Никогда я не видел, чтоб Харалети ночью были так ярко освещены. Мы шагали бок о бок, высоко воздев пылающие факелы; колеблющееся пламя металось по земле, по крышам, и Харалети, по которым мы, многие, шли сейчас вместе, с факелами в руках, казалось, тяжело колыхалось. Ступая очень твердо и четко, мы по одному прошли по перекинутому мостом бревну, оставили за собой город, одолели невысокий холм; двигаясь стройными рядами, мы, ходячие светильники, бодрым шагом пересекли широкое поле и остановились – здесь тропка терялась и прямо у наших ног начинался лес. Дальше мы бы уже не смогли идти так смело, чувствуя плечо соседа, но Бучута ничего нам не говорил, он только повертел в руке факел, и, когда запрыгавшая было тень огромной липы, качнувшись, снова стала на свое место, решительно вступил в чащу. Первым за ним последовал Папико, затем Кавеладзе; за ним двинулись оба Глонти, Ардалион Чедиа, Малхаз Какабадзе; из мужчин, собравшихся во дворе Папико, недоставало только Бухути Квачарава, Шашии Кутубидзе и Осико: первый кинулся к заместителю городского головы Какойе Гагнидзе – известить его о происходящем; второй был сильно не в духе; третий побоялся застудить горло, да и просто побоялся, а мы, отважившиеся харалетцы, шагать-то шагали, но не без изрядной опаски, уставившись с надеждой в спину идущего впереди человека, и только один он, Бучута, смотревший непосредственно в темноту, ступал по-прежнему твердо и непринужденно. Мы шли, и в колеблющемся свете где-то вдали вдруг четко обрисовался увядший лист, чтоб тут же снова потонуть в беспросветной тьме угрюмо молчавшего леса. Волны теней бессильным ветром пробегали по застывшим в неподвижности веткам и листьям; Титико Глонти споткнулся о торчавший из земли корень, и на нас ринулись и отпрянули, натолкнулись и шарахнулись вспять исполинские тени; сердца у нас дрогнули, но мы были вместе, нас было много, и в руках у нас были зажженные факелы.

Мы – шли...

– Так что там говорил этот шпендрик?

– Ух-ух-ух, каких только глупостей не порол, – отмахнулся Бухути. – Воздух, говорит, – это очень хорошо, вода и того лучше, солнце же, оказывается, сударь вы мой, горячее. А уж о таких чудесах, как папоротник, дуб и базилик, и говорить не приходится.

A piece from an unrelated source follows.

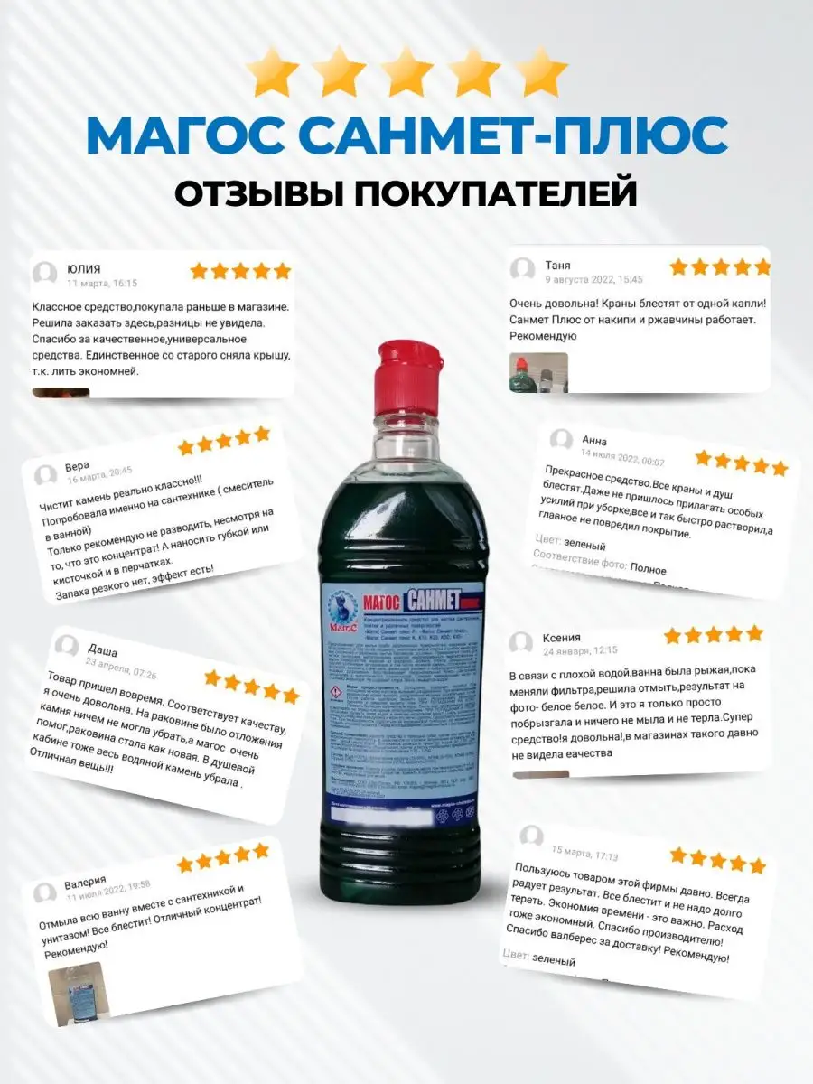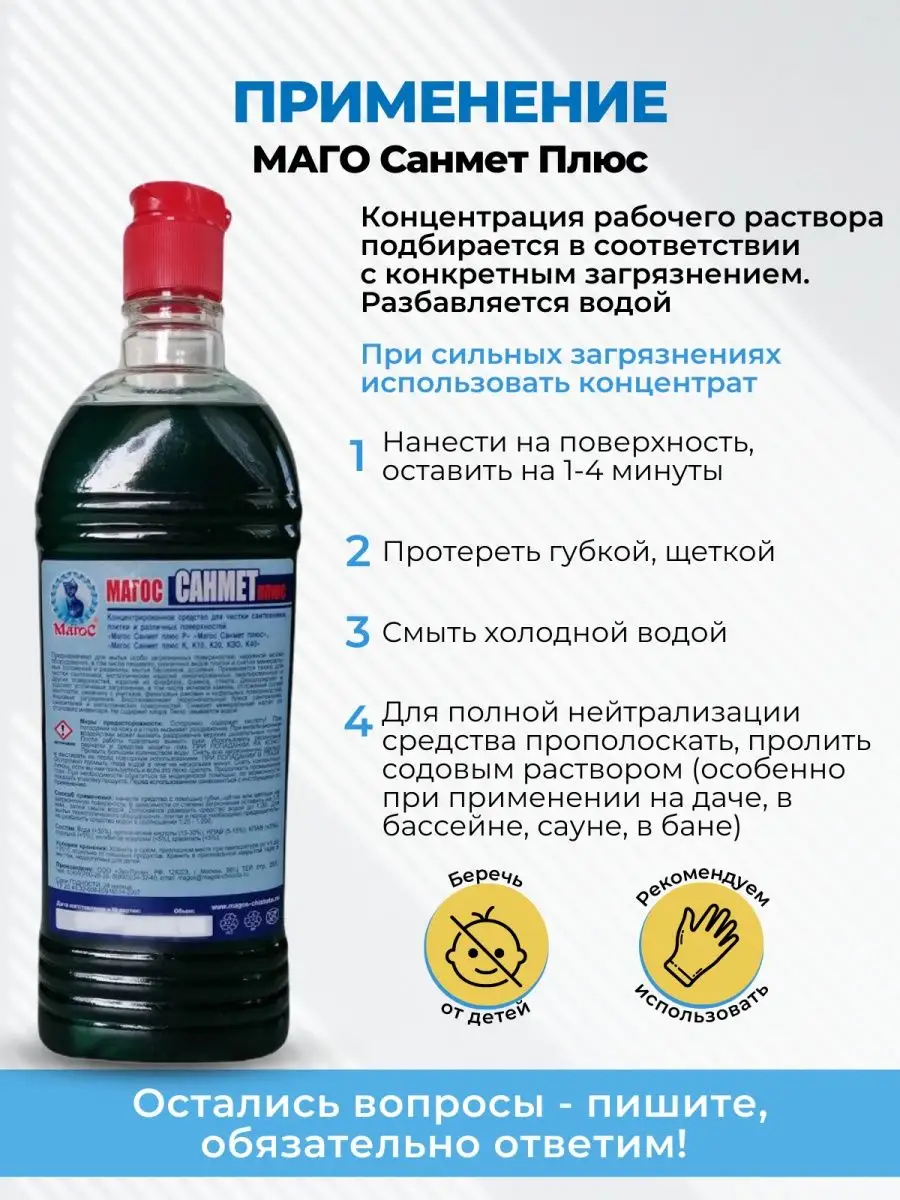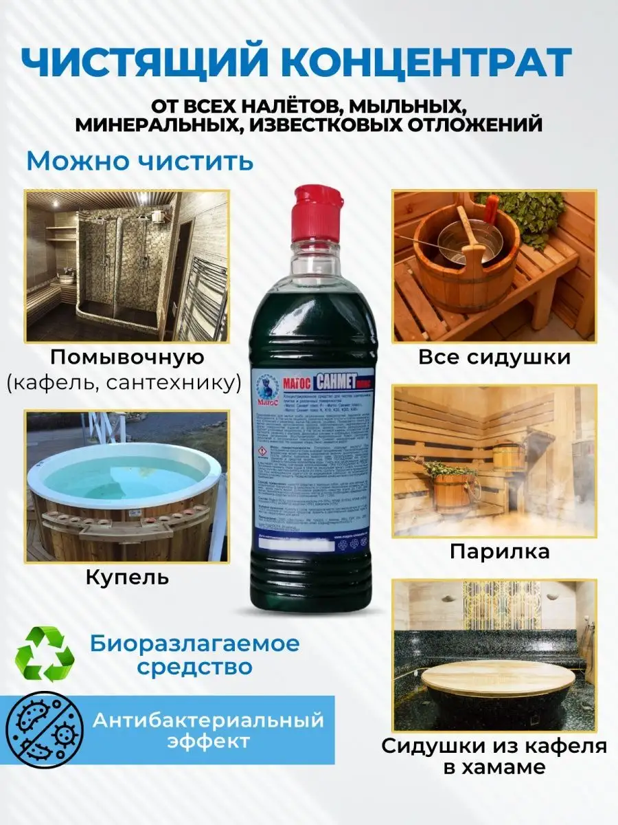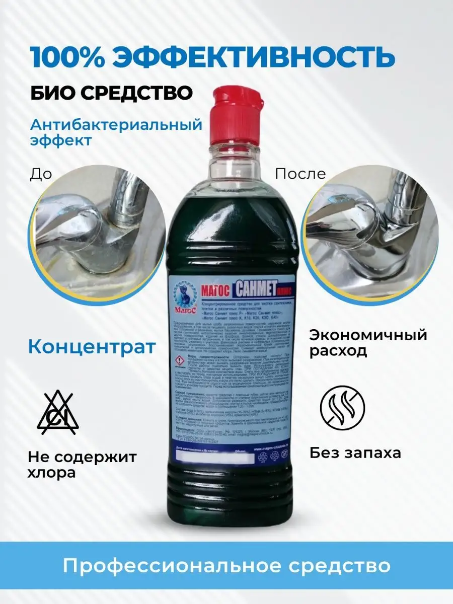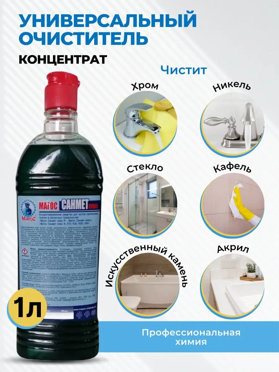 Описание: Предлагаем вам попробовать профессиональное универсальное чистящее средство Магос Санмет Плюс. Эко гель концентрат для дома поможет справиться с потеками ржавчины на унитазе, удалит известковый налет на акриловых ваннах и в туалете. Концентрированное моющее средство без запаха прекрасно очищает раковины из искусственного камня и хромированные изделия в ванной комнате и душевой кабине. Он придаст блеск и сияние поверхности, уничтожит вредные микробы и неприятные запахи. Кроме того, он без следа устранит мыльный осадок, жир и глубоко въевшуюся грязь. В разведенном виде очистит мрамор. Наше средство идеально подходит для чистки полотенцесушителей и всех других сантехнических приборов. Вы можете использовать его для чистки изделий из хрома и меди, не повреждая поверхность. Концентрат справляется с мытьем латунных люстр и подсвечников. Широкий диапазон разведения позволяет удалять как свежие, так и очень застаревшие образования. Одним из главных преимуществ нашего средства является его универсальность. Очистит акриловые, керамические, кафельные, пластиковые и металлические поверхности. Это Биоразлагаемое средство. Концентрат не содержит агрессивных химических веществ, которые могут нанести вред вашему здоровью или окружающей среде. Благодаря своей профессиональной формуле, чистящее средство обеспечивает максимальную гигиену и чистоту в вашем доме. Оно эффективно уничтожает бактерии, грибки и другие микроорганизмы, предотвращая их размножение и распространение.

– Ха! – усмехнулся Какойя Гагнидзе. – Значит, говорит, солнце горячее?

– Да, говорит. Интересно только, когда он щупал солнце руками...

– Да ну тебя, Бухути, совсем уморил! – захихикал Какойя Гагнидзе. – А где сейчас они, знаешь?

– В лес пошли, сударь.

– Что-о?

– Пошли в лес и...

– Что же им понадобилось ночью в лесу?! – возмутился Какойя Гагнидзе. – Позови-ка мне сюда Шашию...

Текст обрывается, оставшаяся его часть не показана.